Maybe you've been there too, in the toxic fog. Maybe you're there with me now. Cling to a faith that Jesus has been there too and knows the way to unpolluted air. Hold fast to his guiding hand and unyielding opposition to the devil's guile. Surely he can guide us both beyond our ekballoed state to a fresh sense of ourselves and our ability to minister with him. 

In the North Cascades the smoke blew out yesterday. A dawn of fresh and refreshingly cold air met us today. But in my spirit I continue to wait, huddled and clinging to faith that God knows the way.
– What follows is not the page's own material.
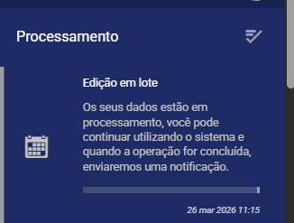 Destacamos que, para até 100 compromissos — limite máximo de itens exibidos por página — a ação de substituição ou adição é processada imediatamente.
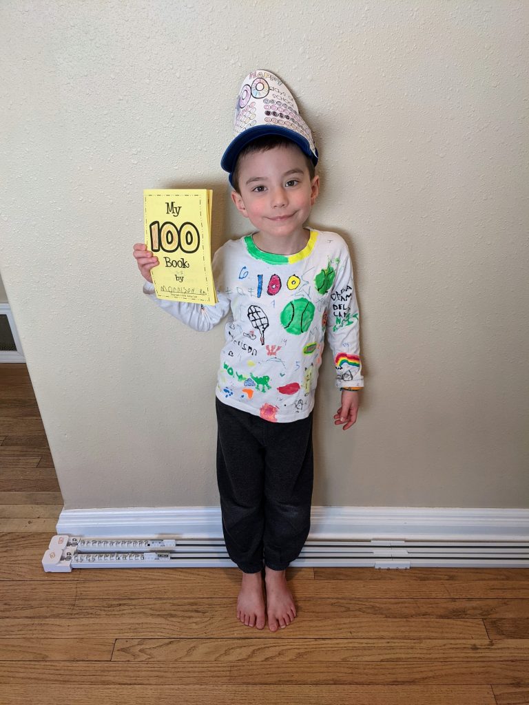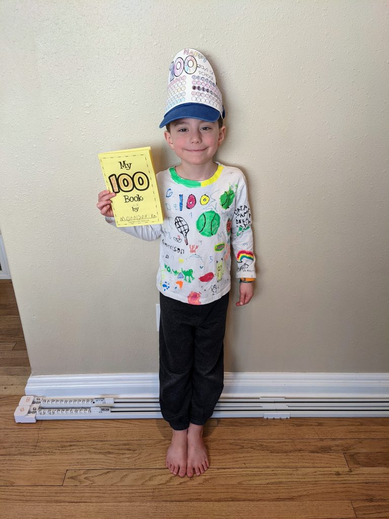 Today was your 100th day of K5, and you had so many fun activities! You wore your 100th day shirt from last year, you filled in your 100 book (100 things you wish you had, 100 things you wouldn’t eat, etc.), you got a new 100 math game, and you made your 100th day hat. I just love that you guys still get to do so much fun stuff while we’re doing school at home. Your beautiful little spirit shines through in every school meeting, always signing off with, “Bye, love everybody, good day, good school, Ms. Ruetz is the best teacher ever! Bye! Love everybody!” Never, ever lose that my adorable, sweet boy. I love you so much. Just like you love your school and friends.

Most folks might write to you after such a spell, in the interest of tidying things up. I thought it might be helpful to put out a note from the haze. I sleep okay most nights, but the tossing and turning comes every now and again. The incessant calls of pessimism and self-doubt harangue me before the dawn; when they do I just get up, make a cup of tea, and write in my journal. It seems a more productive way to wait out the smoke until the clear dawn rises.

Postscript: I’m also doing really well. A bit of a paradox of being: I’m internally under tortuous maintenance, but I’m also loving my family in a way that I’d never known before. I’m healing from wounds. I can feel my joy returning--a zeal for life, long forgotten, returns in waves. I’ve had sweet hours of communion with Jesus. I’m beginning to catch a glimpse of who I am, beyond the smoke.

___________________
1 I hesitate to compare myself to Job. My own situation pales in comparison to Job's heap of human misery. But I do sympathize with his tortured sleep.